The airport has received approval to begin operations from the Spanish aviation authorities, Spanish newspaper ABC has reported.
Citing sources, the daily says the airport has already passed all the relevant tests and has the necessary certification from the public works ministry for flights to begin.
A final decision is expected on Thursday with paperwork to be finalized in coming days.
The project has been plagued by controversy from the beginning, from the €150 million ($190 million) overspend to the court case surrounding the man behind the airport.
The former president with Spain's ruling Popular Party in Castellón province, Carlos Fabra, was finally put behind bars for tax-fraud on December 2nd after a decade-long battle of appeals. The airport, his pet project, even features a statue said to be of the convicted fraudster.
The airport was opened in 2011 despite having no airlines lined up to fly from there and no official government approval to operate and has become a symbol of the culture of overspending that helped plunge Spain into its economic crisis
The facility will be run by Canadian multinational, Lavalin, for the next 20 years in a €24.5 million deal.
The airport will begin by operating charter flights and it is possible that the first flights will land on the never-before used runway this year.
It has been confirmed that Villareal Football Club will be the first customers of the newly opened airport, flying from Castellón for their matches both within Spain and abroad. The team has previously used Valencia airport for their flights.
Those responsible for the facility predict regular flights will commence from March 2015 to coincide with the Easter tourist season.

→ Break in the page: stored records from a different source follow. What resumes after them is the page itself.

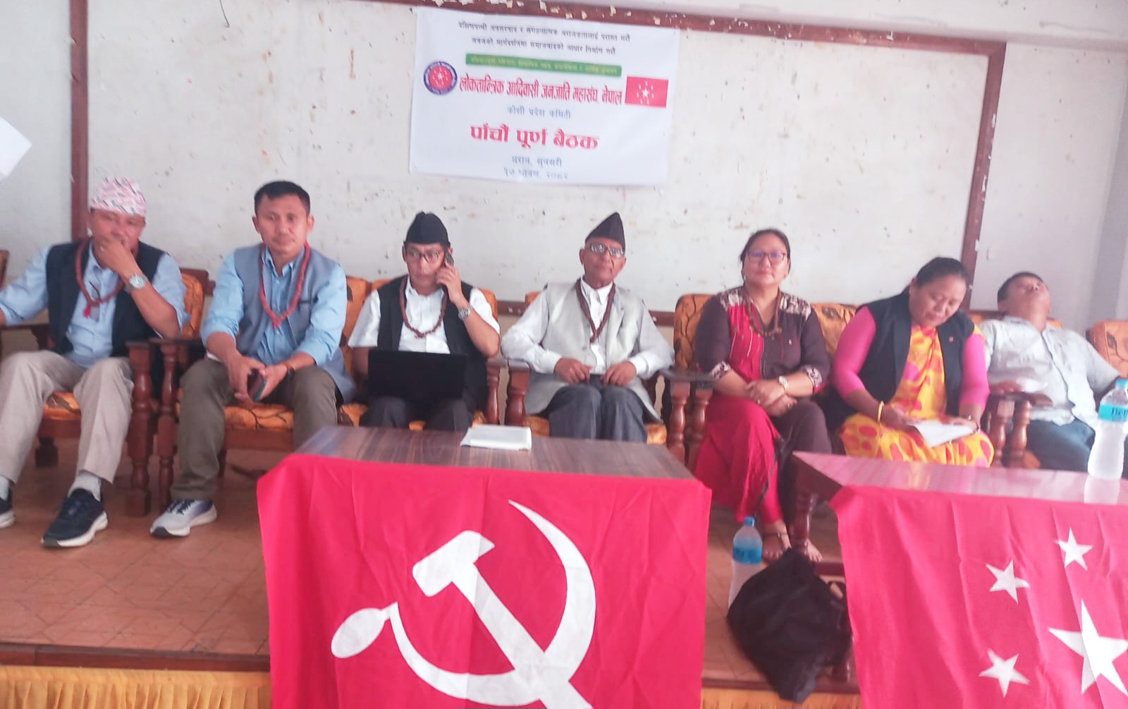 धरान, श्रावण १७ — लोकतान्त्रिक आदिवासी जनजाति महासङ्घ कोशी प्रदेश कमिटीको पाँचौं पूर्ण बैठक आज धरानमा सम्पन्न भएको छ। बैठक हरिथलङ राईको अध्यक्षतामा र एमाले कोशी प्रदेश कमिटी अध्यक्ष घनश्याम खतिवडाको प्रमुख आतिथ्यतामा सम्पन्न भएको हो।
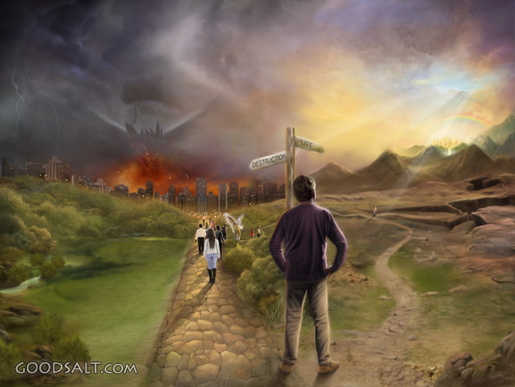 The Narrow Way. Matthew 7:13-14 broad, narrow, follow, gate, enter, decision, man, life, heaven, destruction, faith, righteous, eternal, road, wide, wayfarer PROJECTION - License for PowerPoint™ PRINT – buy a print of this picture; optional frame Bible Hub |
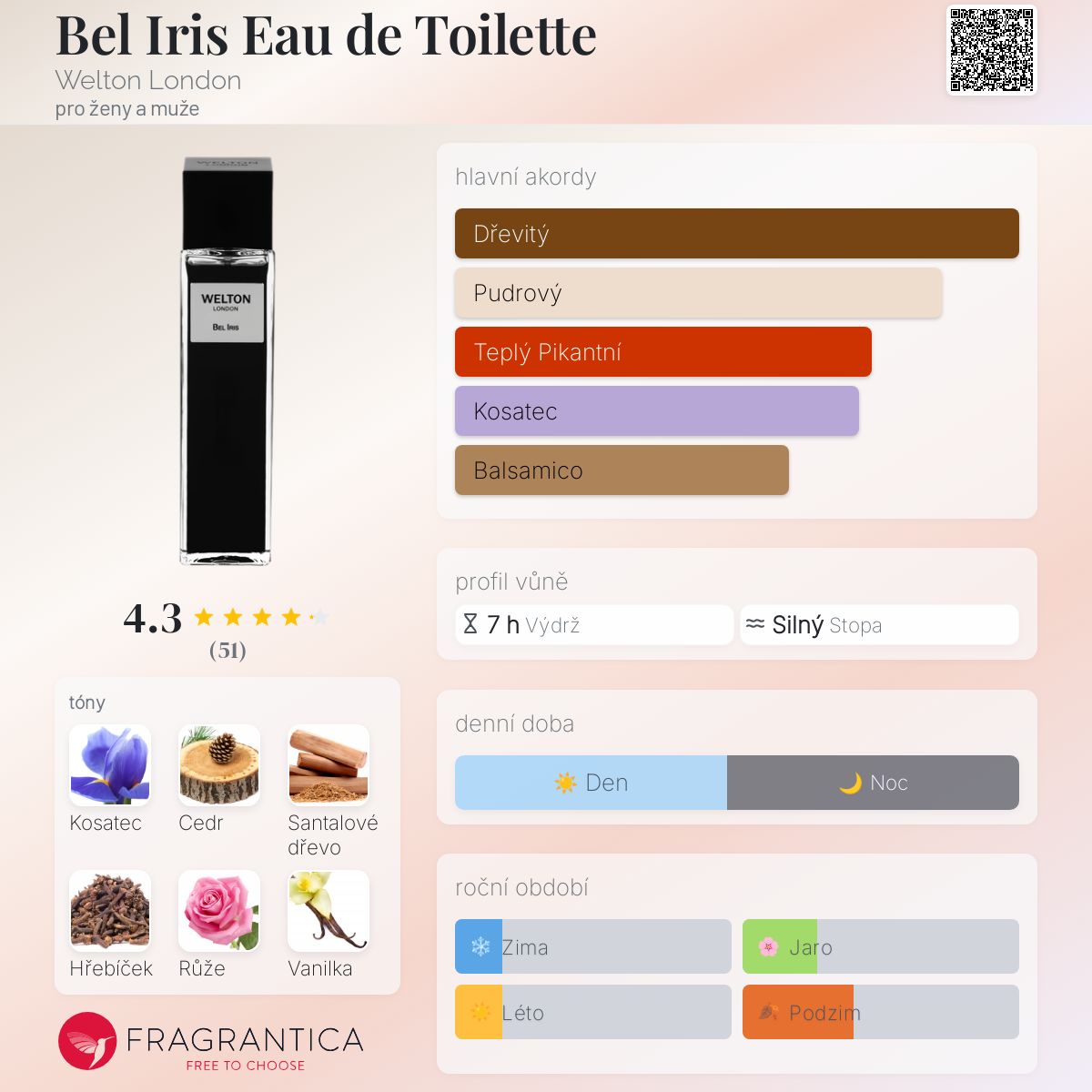 Bel Iris Eau de Toilette podle Welton London je Woody Spicy vůně pro ženy a muže. Bel Iris Eau de Toilette byl/a uveden/a v roce 2013. "Nosem" za touto vůní je John-Paul Welton. Vrchní tóny jsou Měsíček a Broskev; střední tóny jsouKosatec, Cedr, Hřebíček, Růže a Jasmín ; základní tóny jsou Santalové dřevo, Vanilka, Pačuli a Pižmo.
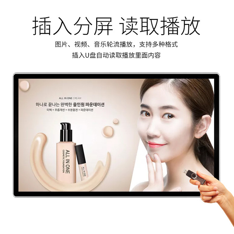 廣告機是利用標準液晶顯示器、液晶電視機,通過聯(lián)網(wǎng)和多媒體系統(tǒng)控制等方式實現(xiàn)信息顯示和視頻廣告播放的新一代智能設(shè)備,不論是銀行、地鐵、戶外廣場、小區(qū)、樓梯口、酒店、房地產(chǎn)還是教育領(lǐng)域,隨處都可見液晶廣告機的身影。高清液晶廣告機,無論是從亮度、尺寸大小方面,或是從圖像清楚度方面,都是同范疇的其它新產(chǎn)品所不能代替的。
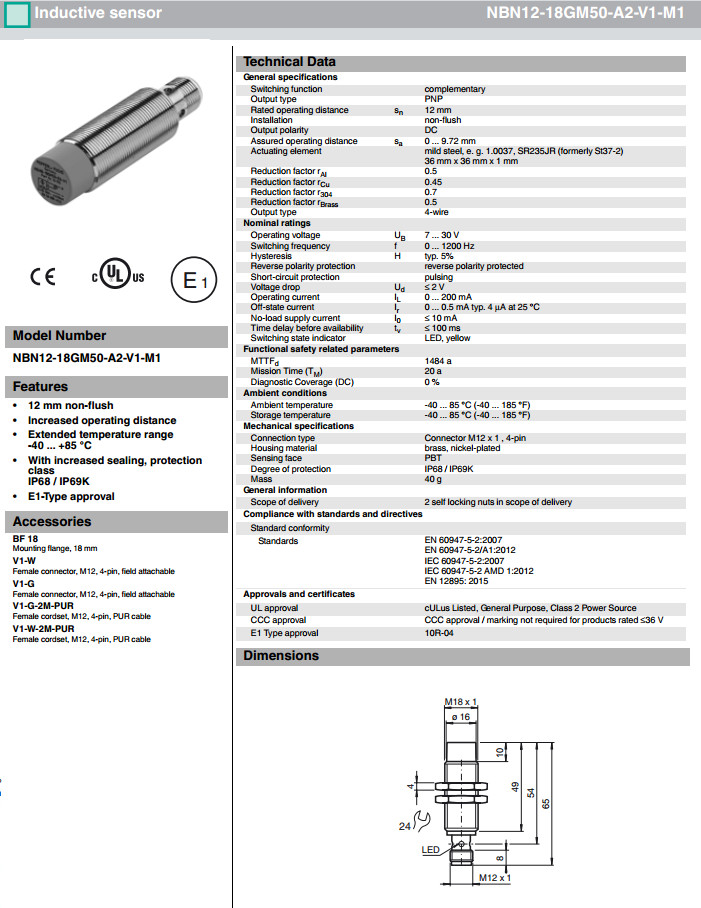 NBN12-18GM50-A0-V1-M1,NBN12-18GM50-A2-V1-M1
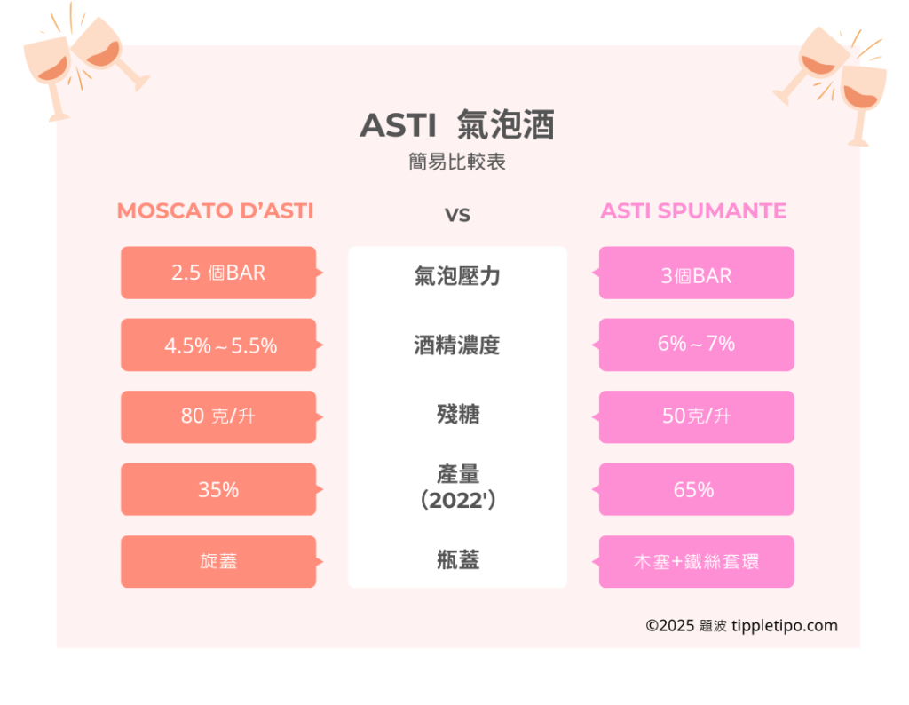 兩者的釀造方式大部分是一樣的,只是Moscato d’Asti的殘糖比較多,因此酒精濃度和氣泡感也都比較低一點點。

ABC has reported that those in charge of the airport are eyeing Ryanair, the Irish low-cost airline, as a possibility to fly to and from Castellón. They are also hoping to establish direct links between the airport and London to attract British visitors.
José Ciscar, president of Aerocas, the public company that owns the airport recently said that they are "closer than ever" to opening the airport and that he is already working with commercial flights that will use the airport in the spring-summer season.
The airport, if opened, will be a boost to the region, one of the only provinces of Spain not to have a direct air link.
Lavalin predicts that during 2015, the airports first full year open, Castellón will receive around 50,000 passengers and by 2017 that number will have risen to over 200,000.
The local government will not start to make money on the airport until it exceeds 1.2 million passengers a year, something with will not happen until 2029, according to Lavalin forecasts.